I mentioned earlier that you can’t learn to be liked from a book. However, there is one book that I feel can help you on the journey. It’s an oldie but a goodie and one that I made required reading for all of my gym employees. That book is Dale Carnegie’s How to Win Friends and Influence People. I suggest picking up an audiobook copy and listening to it while you do your cardio workouts.
4. Start Looking for Work
Having achieved your qualification, whether it’s the CrossFit Level One certificate along with another, more comprehensive fitness certification or just the other certification by itself, and having put in the hours as a CrossFit student and worked on your own personal skills to the extent that you have the confidence to put yourself out there, you are ready to start looking for work as a CrossFit coach.
There are three main types of CrossFit coaching positions:
- Full-time salaried jobs
- Part-time salaried jobs
- Part-time hourly jobs
The option to become a CrossFit personal trainer, where you run your own business and have your own clients within the parameters of a larger fitness operation, does not really exist within the CrossFit world. So unless you intend to open your own CrossFit Box – which is a subject beyond the scope of this article – you will be an employee of someone who does.
The best way to find work is to cold call CrossFit Boxes.
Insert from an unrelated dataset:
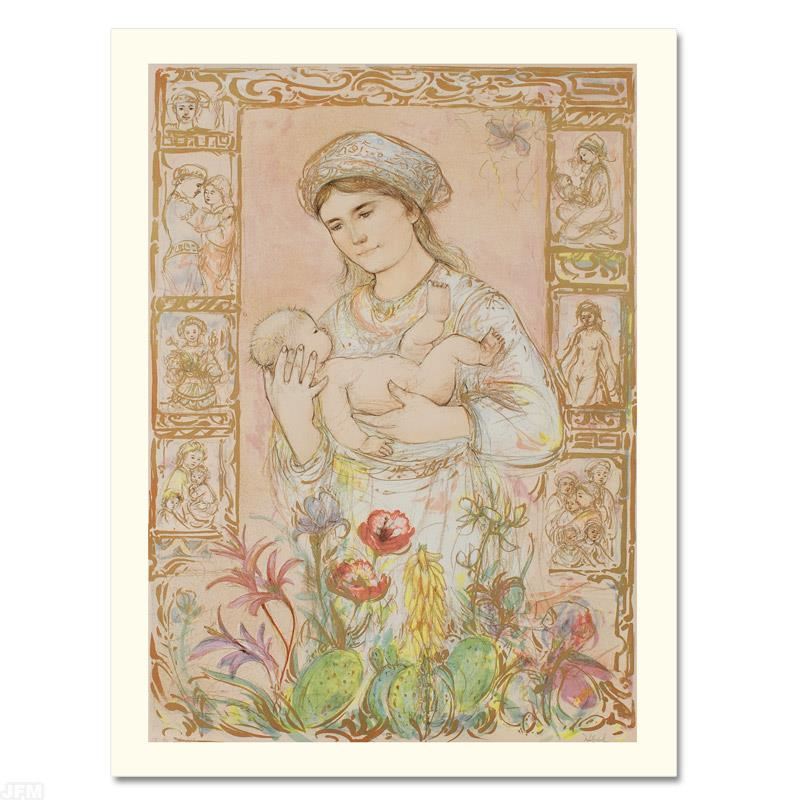 Wild lines and muted colors make Edna Hibel's art stand out in any room. "Raquela" is a limited edition lithograph on paper, numbered and hand signed by Hibel. Includes Certificate of Authenticity! Measures approx. 26.5" x 37.5" (with border) 23.5" x 33" (image).

Make sure that you have a professionally prepared resume that includes some kind of portfolio with images of you leading classes. To get these, you can ask the owner of your local Box if you can take a class or two, under his instruction, in order to help build a portfolio. Of course, this manager will be your first port of call.
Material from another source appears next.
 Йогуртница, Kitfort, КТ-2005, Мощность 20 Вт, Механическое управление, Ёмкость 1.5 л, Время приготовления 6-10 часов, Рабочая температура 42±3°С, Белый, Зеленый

When you are in front of the person who is interviewing you, rather than asking for a job, explain to him what qualities and benefits you can bring to his Box. Be confident and enthusiastic and show your personality. Make it clear that you are willing to learn and that you have a strong work ethic. Be sure to dress for success, wearing the type of outfit you have seen the coaches in that club wearing. You also need to be immaculately groomed and hygienic, as you will be up close and personal with the gym’s members.
Ultimately, securing a position as a CrossFit coach is a numbers game. Put yourself out into the marketplace as frequently as you can. Set a goal to make so many cold calls every week and don’t be deterred by negative responses.
Although there are no official qualifications to become a CrossFit coach, I recommend that you gain the CrossFit Level One certificate, as well as a secondary fitness qualification from another certification organization. Put in the groundwork on the Box floor and develop your personality and interpersonal skills. Then it’s a matter of putting yourself out there and presenting yourself to prospective employers. Share your passion and show how you can add to the Crossfit experience of members and you will, eventually, get the position that you are after.